Friday, December 29, 2023

2023 resume

  • rewriting dbms_pipe and dbms_alert in orafce. Now the conditions variables are used (for synchronization)  instead timeouts, and the lags in the communication are significantly reduced,
  • fix pspg and PDCursesMod so pspg can be used with other curses than ncurses. Originally pdcurses didn't support stream redirection. Still only VT environment is supported (far target is support pspg on new Microsoft Windows terminal),
  • Rewriting background of profiler, tracer routines in plpgsql_check. Now related code is significantly more readable and more robust. I introduced new pldbgapi2 - it is based on old plpgsqlapi and fmgr hook. The advantage against plpgsqlapi2 is possibility to simply handle an exception,
  • tracing constants in plpgsql_check (for some simple cases) - it reduces some false alarms related to dynamic SQL, and related assert pragmas: assert-schema, assert-table and assert-column,
  • reorganization and minor refactoring long patches for postgres - mainly for support of session variables,
  • my patch of `filter` option for pg_dump was committed to upstream,
  • detection of opened cursors in plpgsql_check 


Wednesday, December 6, 2023

Close cursors

One my customer reported very problematic memory issues of currently tested code freshly ported from Oracle's PL/SQL to PL/pgSQL. He rewrites very big application based on usage of thousands stored procedures and functions, and views. This application is ported to Postgres by ora2pg. It is working pretty well, but some patterns has different overhead, and some patterns can be fatal.

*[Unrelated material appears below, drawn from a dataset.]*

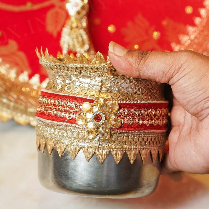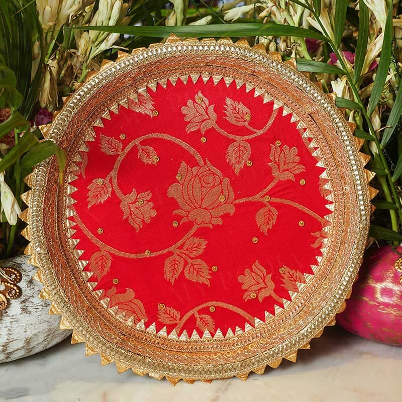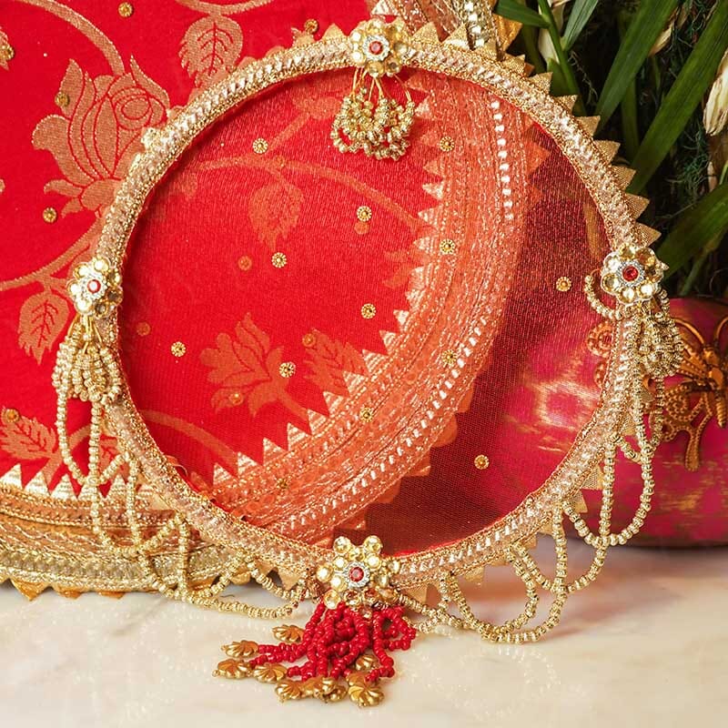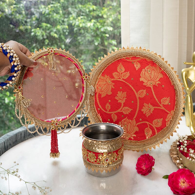 Unlock the secrets of lavish royalty with the luxurious Karwa Chauth Thali Set. Richly crafted from steel and coated in regal, red hues, this decadent set is the perfect way to honor the sacred tradition of Karwa Chauth. Let your inner bride shine as you bask in the divine elegance of this exquisite piece.

In your application he often (100 000x) call code (in long transaction):

OPEN qNAJUPOSPL FOR EXECUTE mSqNAJUPOSPL;
LOOP
  FETCH qNAJUPOSPL INTO mID_NAJVUPOSPL , mID_NAJDATSPLT , mID_PREDPIS;
  EXIT WHEN NOT FOUND; /* apply on qNAJUPOSPL */
END LOOP;

The problem is undisclosed cursor there. PLpgSQL cursors are just references to SQL cursors. The lifecycle of cursor variable is defined by scope, but lifecycle of SQL cursor is limited by transaction. Any active cursor can have allocated lot of resources (it is "snapshot" of active query). Unfortunately, after leaving of scope of cursor's variable, the related cursor is not closed automatically (and there is not some garbage collector too).  Inside large application is not easy to find this issue, mainly when you don't know what you should to find. So, I wrote new warning to plpgsql_check (2.7.0). This warning is enabled by default. 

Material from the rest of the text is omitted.